Zuccuri evokes the texture of 'kuri' (chestnuts), with a bite that crumbles, then melts.

ZUCCURÌ

Cucurbita maxima

Hearty, tender and bursting with natural sweetness, kabocha squash is a core element of Washoku. Zuccuri is a specific variety of kabocha which is likened to a chestnut (kuri) in its sweetness and texture. This versatile squash is packed with flavor and nutrition, from its vibrant orange interior to its edible dark green skin. Its soft consistency first crumbles and then melts in the mouth, a unique characteristic that comes from its starch content.
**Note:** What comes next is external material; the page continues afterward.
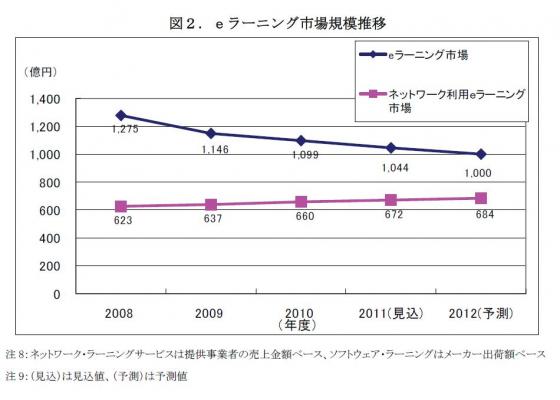本調査における「eラーニング市場」とは、「ネットワークとパソコンを利用した学習形態」のみならず、携帯ゲーム機、携帯電話(スマートフォン含む)、携帯型デジタル音楽プレイヤー、学習用ソフトウェア(ゲームも含む)、衛星通信等を使用した学習形態を含めている(広義のeラーニング市場)。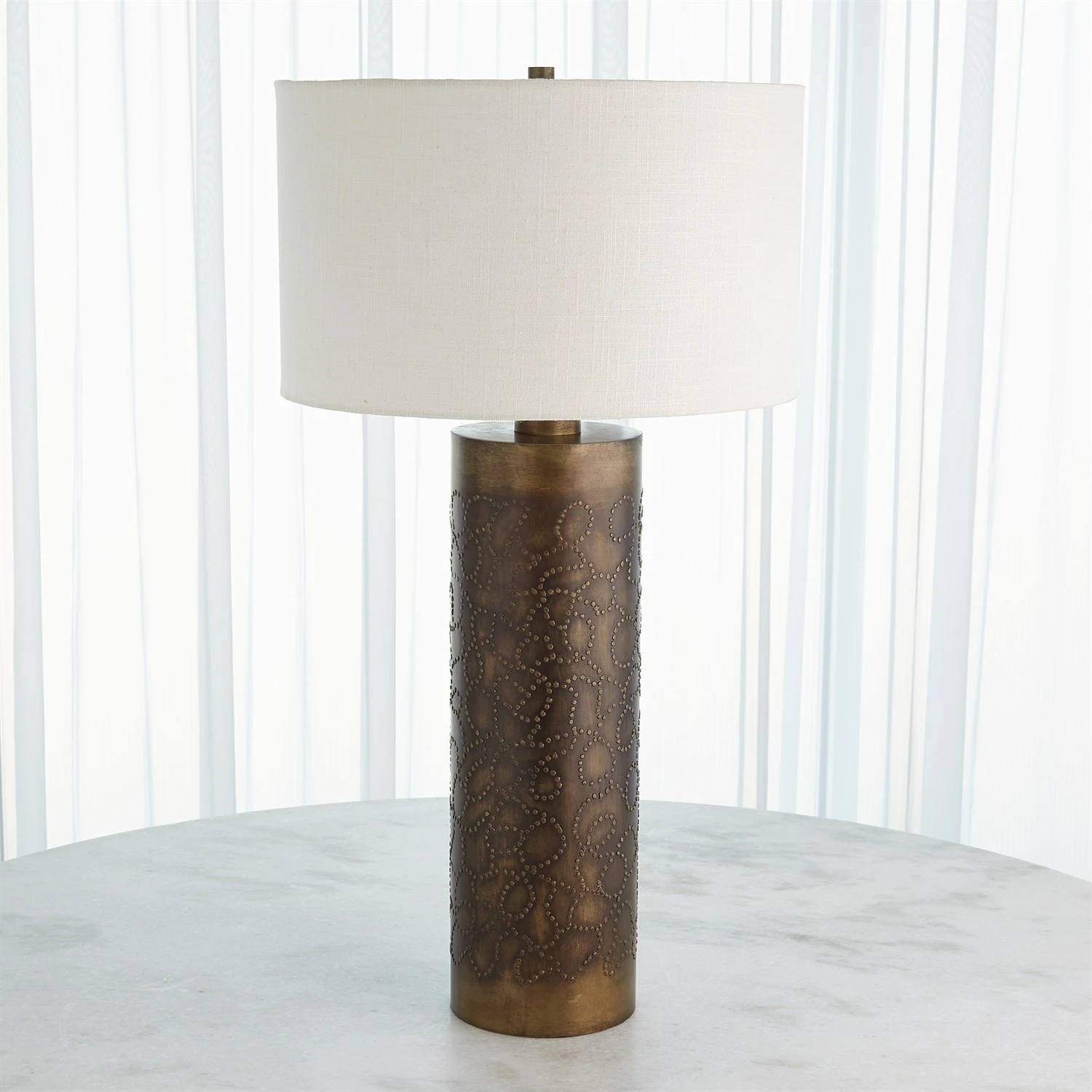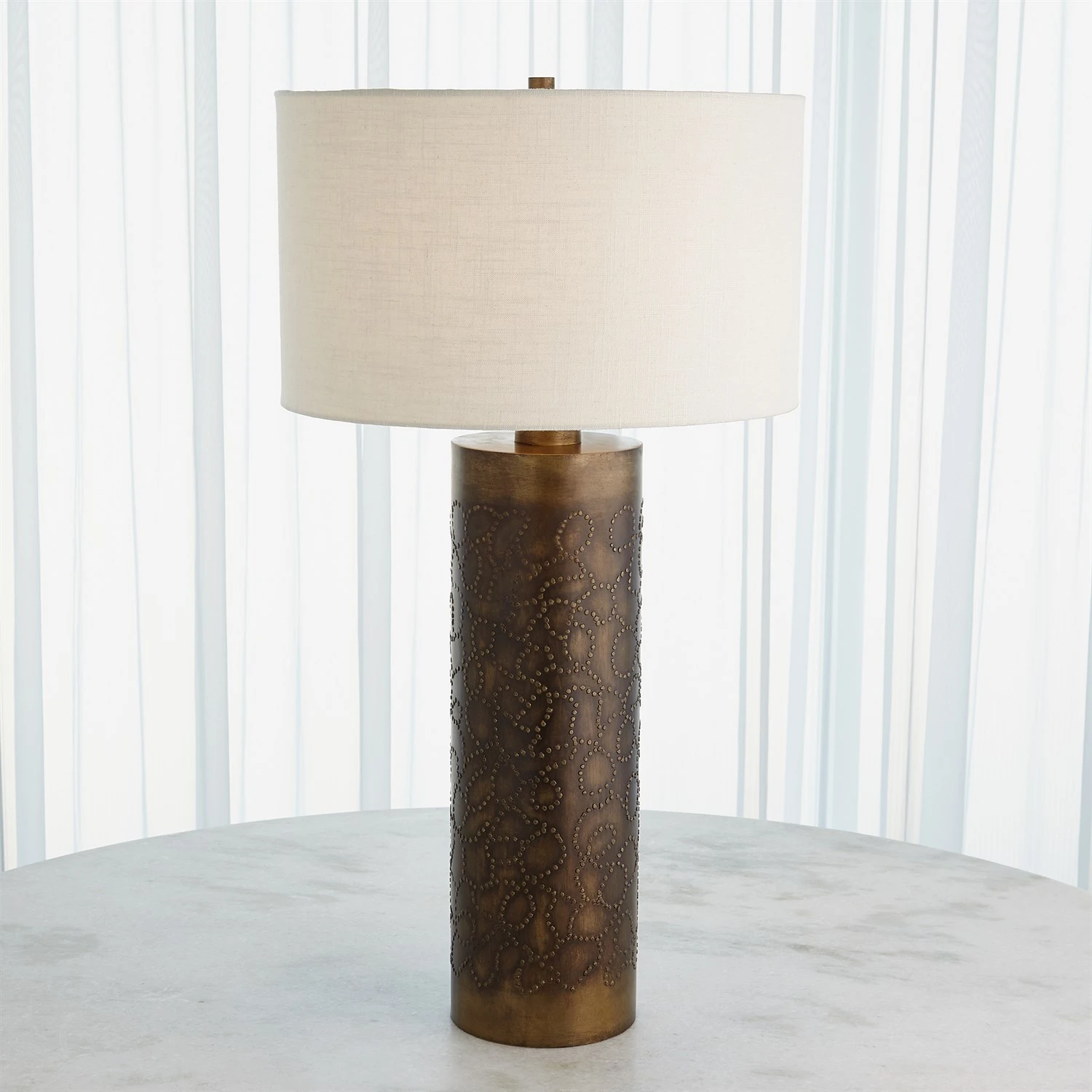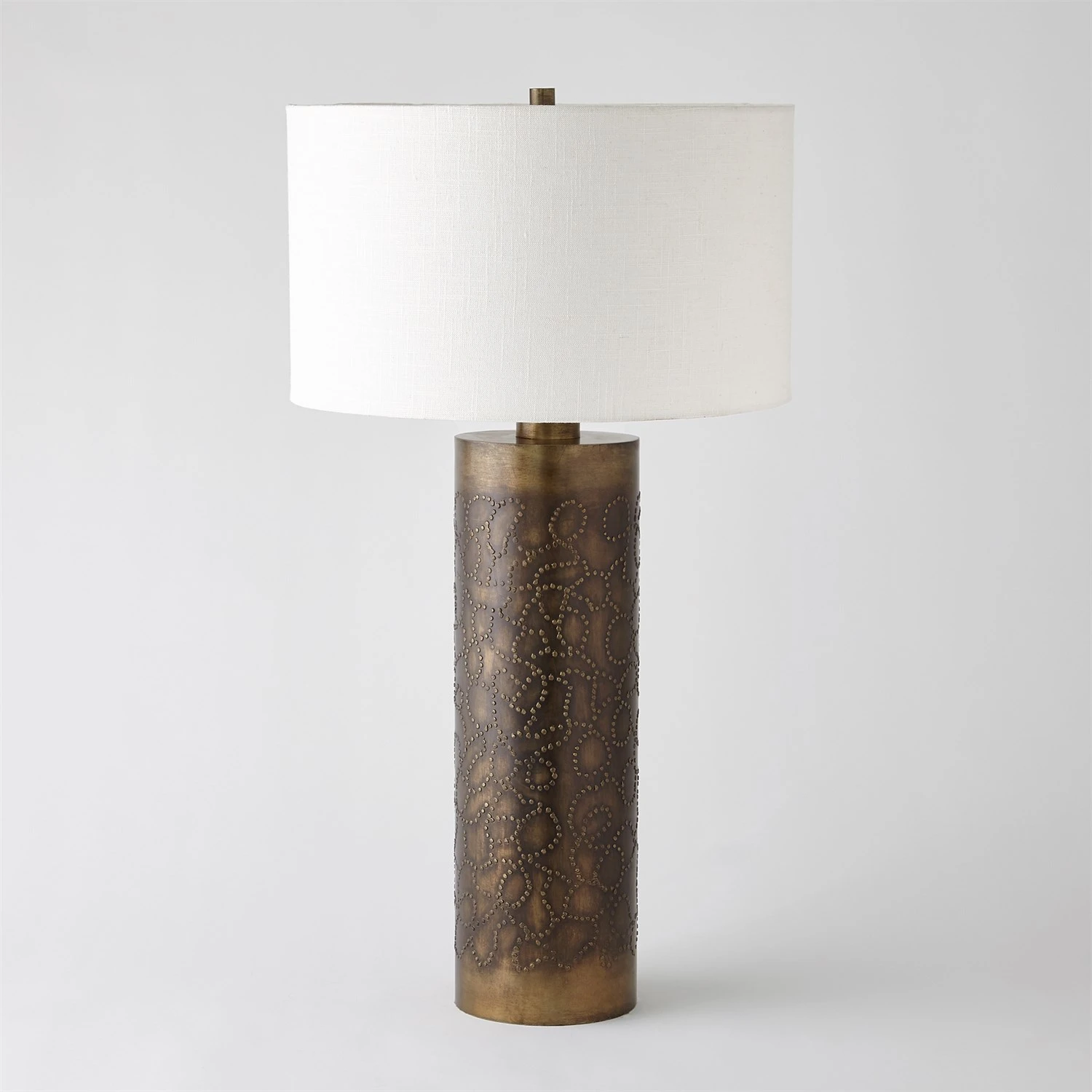 The Paten Lamp is crafted of iron with antique brass finish and features hand-applied details. Hardback fabric shade.

Kabocha squashes like Zuccuri are a winter staple in Japan and a reliable source of vitamins when vitamin- and carotene-rich vegetables are scarce, as they can be stored for upwards of three months in a cool, dry place. Traditionally enjoyed on winter solstice in Japan, Zuccuri is often prepared in a sweet soup with adzuki beans in the wintertime, as it is believed to help boost the immune system and prevent colds.

COOKING WITH ZUCCURÌ

Enjoy Zuccuri simmered, sautéed, dipped in tempura batter and fried, or roasted for a saccharine, melt-in-your-mouth sensory experience. This sweet kabocha squash pairs well with warming spices like nutmeg, clove and sage, as well as pears, cilantro, spinach, and parsley.

Zuccuri holds its form well when cooked and can be added in cubes to soups, stews, curries and casseroles. For a very simple and fast preparation, try microwaving one-fourth of the Zuccuri (500g approx.) for six minutes.